Tatsächlich sind unsere politischen Repräsentanten jedoch nichts Besseres als Heloten: Kriegstreiber, Kriegsknechte. Qualitätsjournalisten bilden den Tross. Preisfrage: Wann haben Sie, lieber Leser, den letzten sauberen und vollständigen Syrien-Bericht in der Tagesschau gesehen?

Die per Internet hergestellte Gegenöffentlichkeit ist leider noch meilenweit von nachhaltigem Einfluss auf den gesellschaftlichen Meinungsprozess entfernt, darüber darf man sich nicht täuschen. Auf die Frage an den Durchschnittswähler: "Worum geht es im Krieg gegen Syrien?" lautet dessen Antwort noch immer: "Assad muss weg". Auf Nachfrage, warum: "Weil er sein eigenes Volk mit Fassbomben und Giftgas terrorisiert –  und überhaupt wegen der Terroristen".
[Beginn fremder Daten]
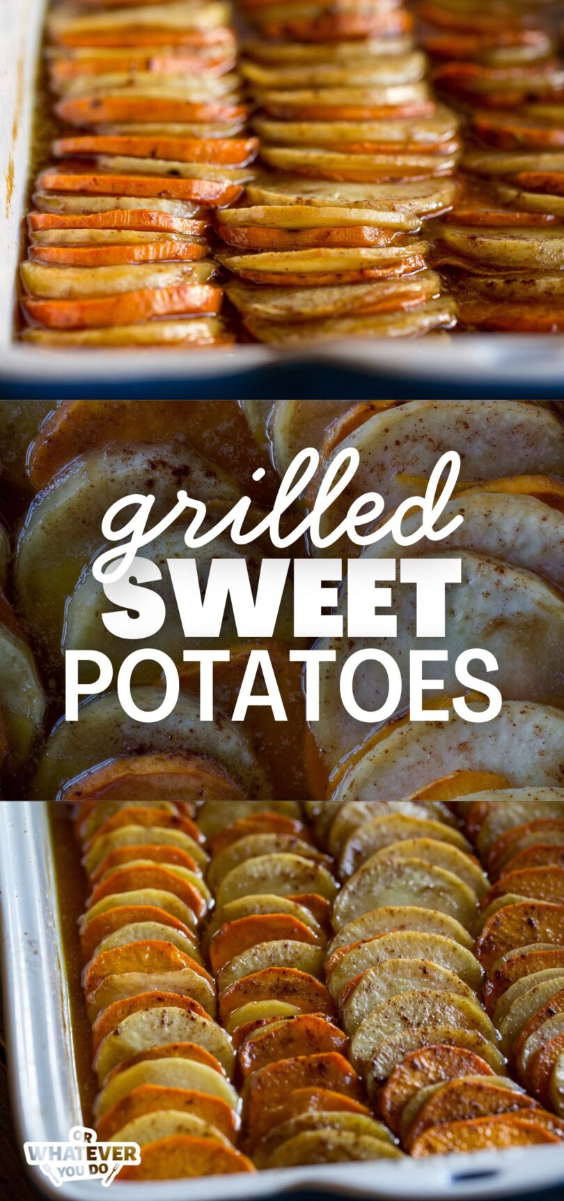 My sweet potatoes are sliced and layered in a big grill-safe pan, and then have a brown sugar bourbon sauce poured all over them before being baked off in the pellet grill for about 45 minutes to an hour.

Die ebenso irregeleitete wie diffuse Volksmeinung ist das Ergebnis transatlantischer Kriegspropaganda, auf Mode-Deutsch: des "Narrativs" des NATO-Westens. Dass der Luftkrieg der USA und ihrer Verbündeten in Syrien, dass das Besatzungsregime der USA über die Ölquellen im syrischen Norden sowie die grausame westliche Embargo- und Sanktionspolitik gegen Damaskus pure Verbrechen sind, gehört ganz und gar nicht zum Standardwissen. Ein gravierendes Defizit, denn sowohl die militärische Intervention als auch die Sanktionspolitik verletzen Grundnormen der UN-Charta. Die deutsche Komplizenschaft dabei ist schon deshalb, aber auch nach ureigenem deutschen Recht ein Verfassungsbruch und erfüllt zugleich einen Straftatbestand. Warum ist uns das nicht gegenwärtig?
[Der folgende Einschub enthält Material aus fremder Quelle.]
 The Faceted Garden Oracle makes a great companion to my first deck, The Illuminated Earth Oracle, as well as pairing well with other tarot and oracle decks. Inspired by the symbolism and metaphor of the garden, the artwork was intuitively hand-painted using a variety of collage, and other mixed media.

Ebensowenig ist der wahre Kriegsgrund Thema der politischen Allgemeinbildung: Trotz sorgfältiger Pflege des entsprechenden Aberglaubens geht es nicht um Demokratie und Menschenrechte in Syrien, sondern ausschließlich um die geostrategischen und wirtschaftlichen Interessen der USA, der US-basierten Plutokratie und deren gewissenlosen Artverwandten in den Vasallenstaaten, darunter auch Deutschland. Damaskus hatte sich den Plänen des Westens widersetzt, eine Pipeline vom größten Erdgaslager der Welt, dem Pars-Gasfeld im Persischen Golf (das von Katar und Iran beansprucht und ausgebeutet wird), durch die arabischen Monarchien und Syrien in die Türkei und nach Europa zu verlegen. 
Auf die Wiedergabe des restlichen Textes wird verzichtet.